Organico2 flauti, oboe, corno inglese, 3 clarinetti, 2 clarinetti bassi, 2 fagotti, 2 corni, tromba, trombone, timpani, tamburo, tamburello basco, triangolo, nacchere, primi violini, secondi violini, viole, violoncelli, contrabbassi, pianoforte solista
Movimenti
  1. Sinfonia: Lento, grave - Allegro molto vivace
  2. Minuetto: Allegretto ben moderato e grazioso
  3. Capriccio: Allegro vivacissimo ed impetuoso
  4. Pastorale: Andantino dolcemente mosso
  5. Finale: Lento molto e grave - Presto vivacissimo

La Scarlattiana per pianoforte e piccola orchestra, op. 44 è una composizione di Alfredo Casella del 1926.

Storia della composizione[modifica | modifica wikitesto]

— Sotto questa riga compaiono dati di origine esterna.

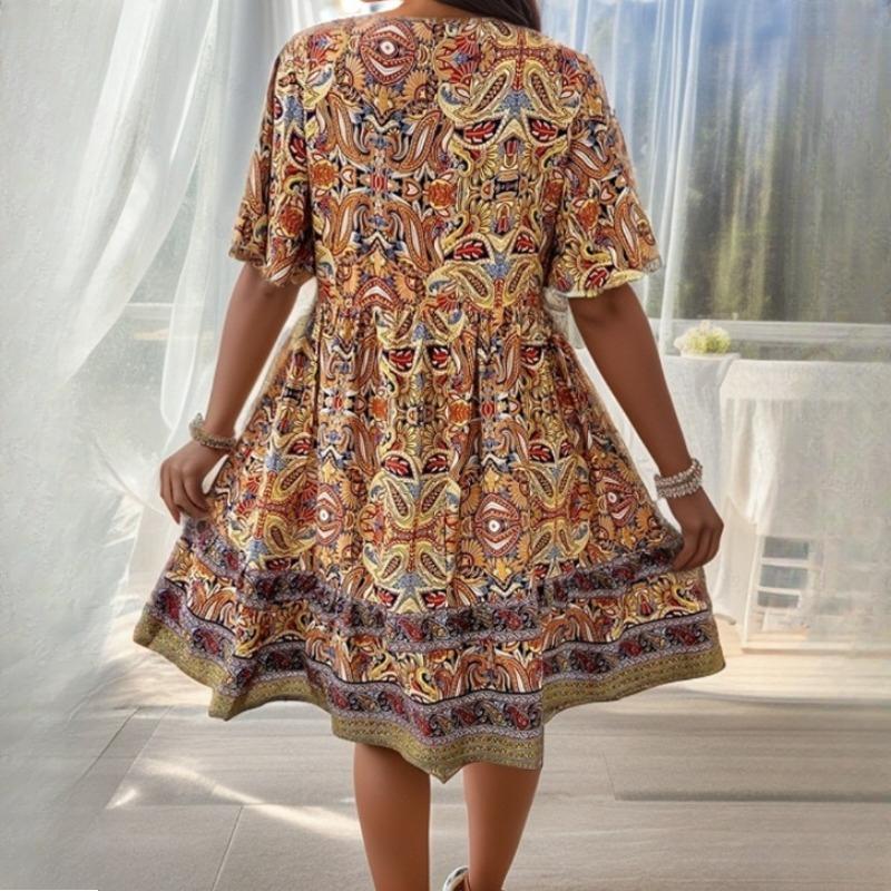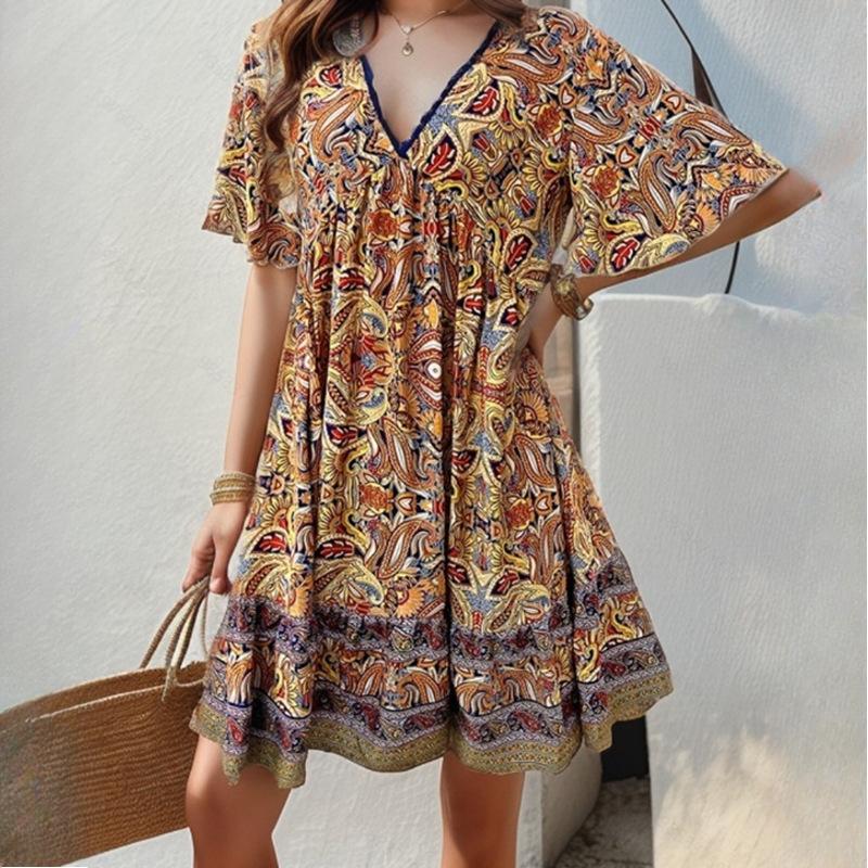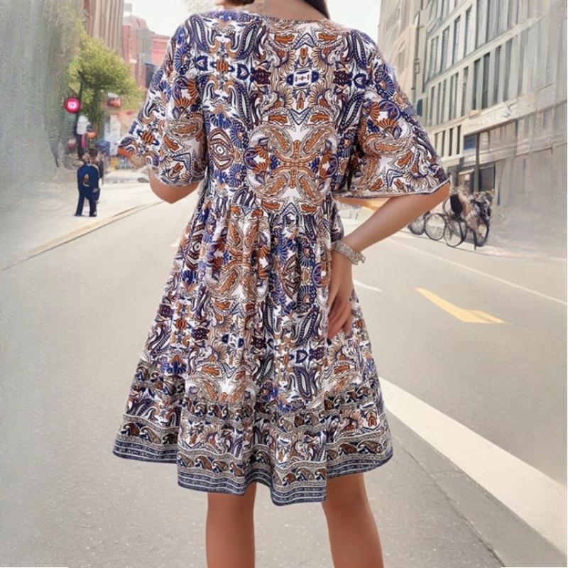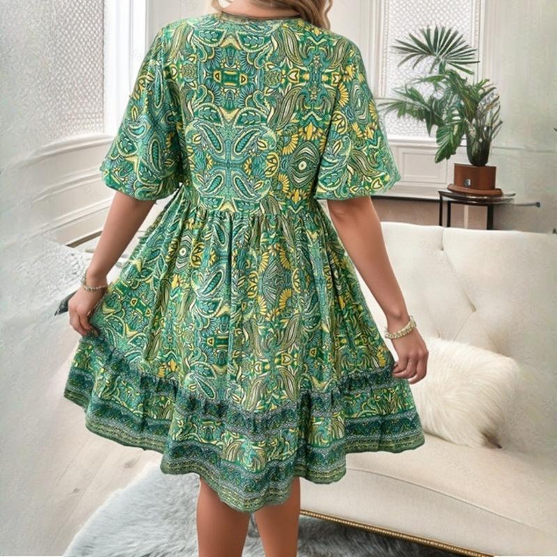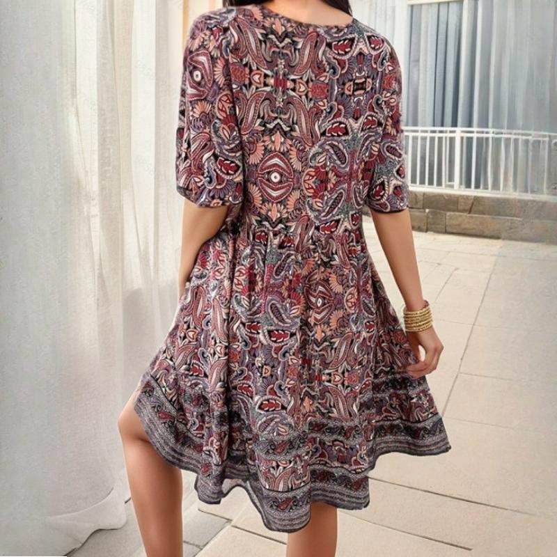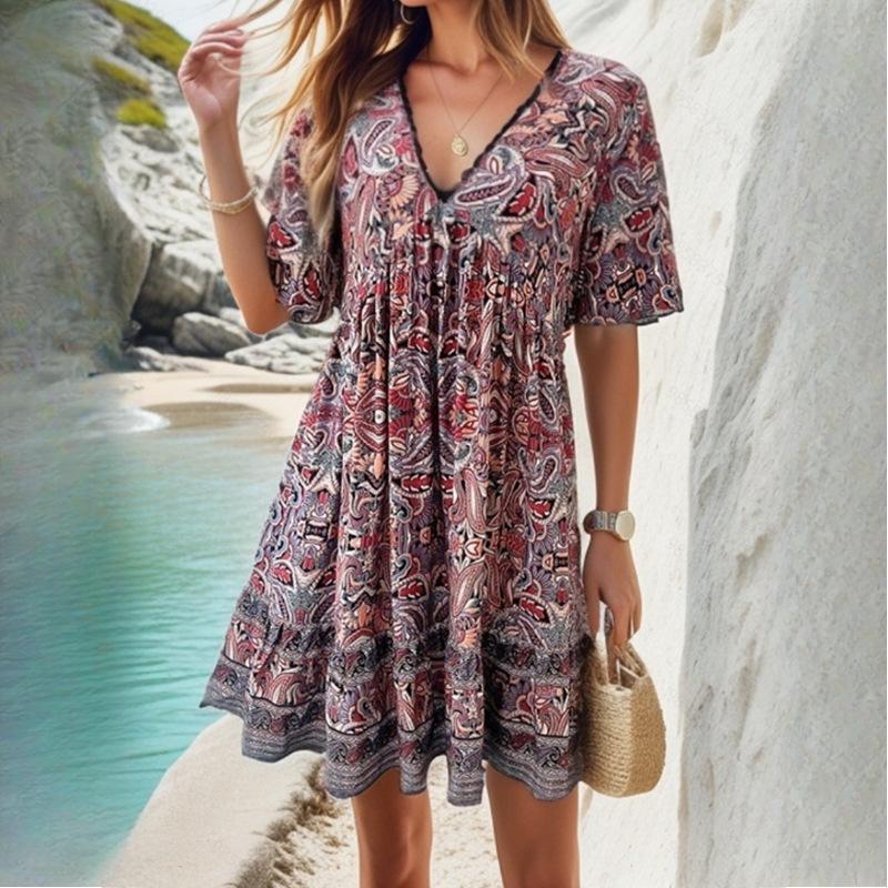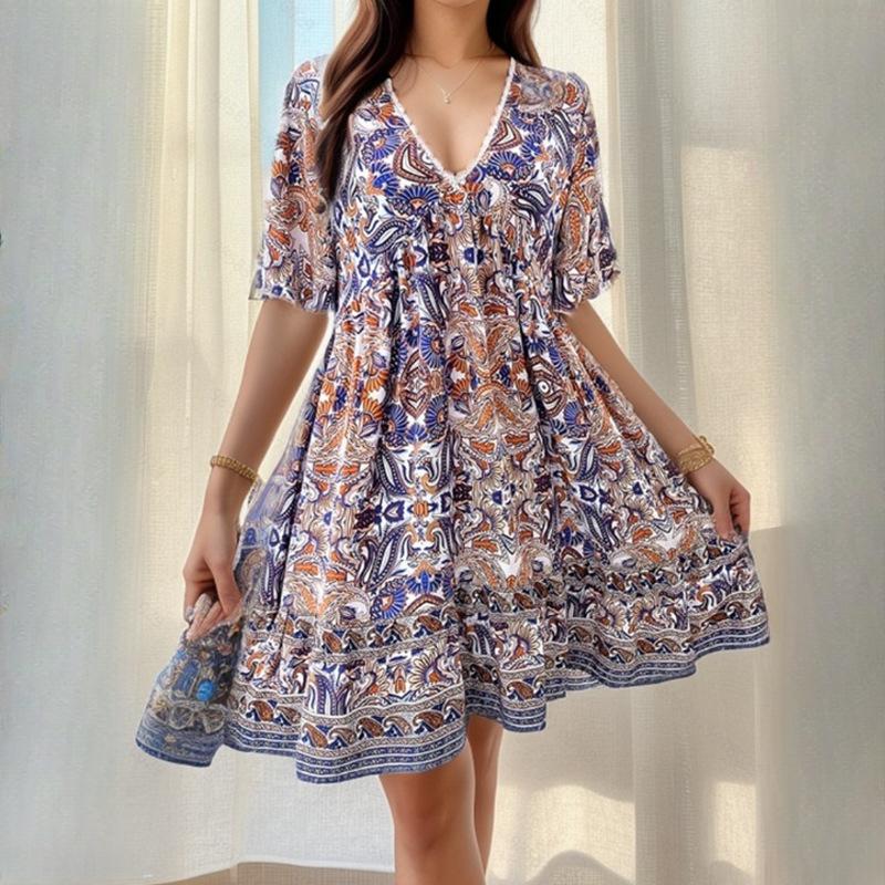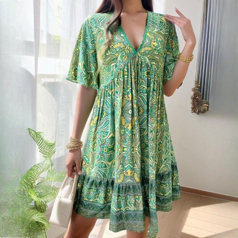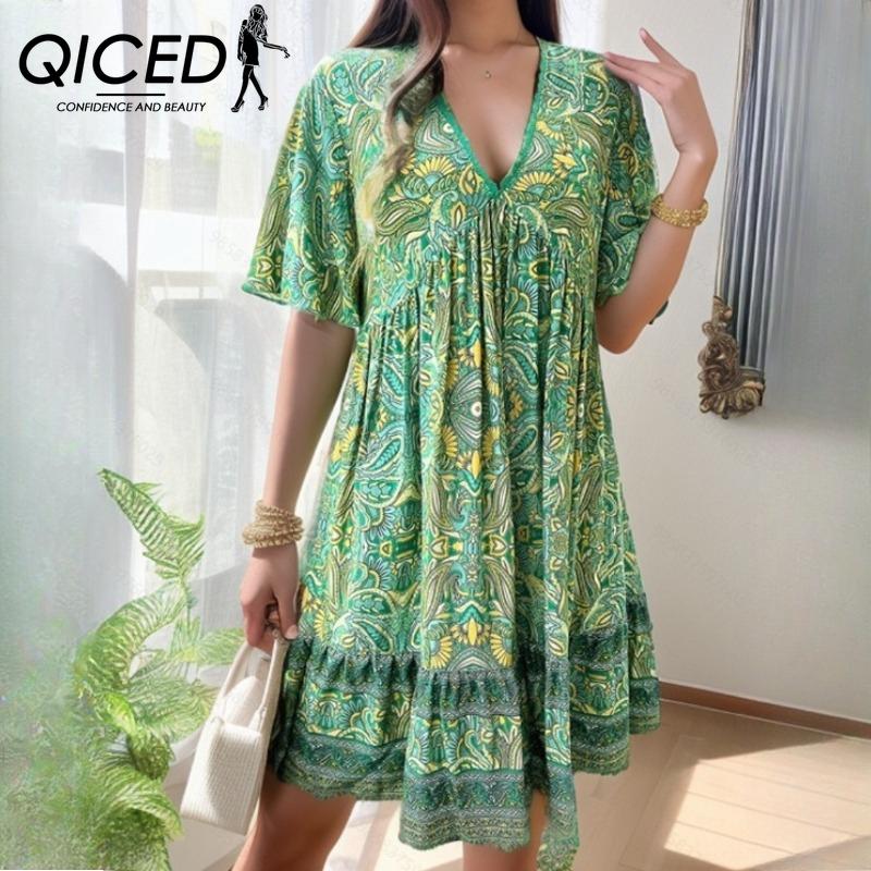 QICED Женские весенне-летние праздничные повседневные платья с принтом и V-образным вырезом

Due dei maggiori compositori italiani del Novecento, Ottorino Respighi e Alfredo Casella, hanno avuto in comune il fatto di essere stati allievi di Giuseppe Martucci, compositore, pianista e direttore d’orchestra, la cui intensa e proficua attività ha fatto del maestro di Capua uno dei rappresentanti più eminenti della generazione di musicisti a cui spetta il merito di aver realizzato un “ponte di collegamento” tra la allora segregata tradizione strumentale italiana con la cultura del romanticismo europeo[1]. Alfredo Casella era un ragazzo di soli tredici anni, quando nel 1896 Martucci consigliò alla madre del giovanissimo musicista di farlo trasferire a Parigi, la città ritenuta dal suo maestro come la più adatta per proseguire gli studi musicali. Tale consiglio acquista maggior valore qualora si consideri il legame di Martucci con la tradizione romantica tedesca[2]; durante il periodo di attività a Bologna fu, non a caso, il primo a dirigere in Italia il Tristano e Isotta di Richard Wagner (1888) e la Terza Sinfonia di Johannes Brahms (1890)[1]. Ciononostante, Martucci vide nella Francia più che nella Germania il centro del rinnovamento musicale in Europa; e vide giusto[2].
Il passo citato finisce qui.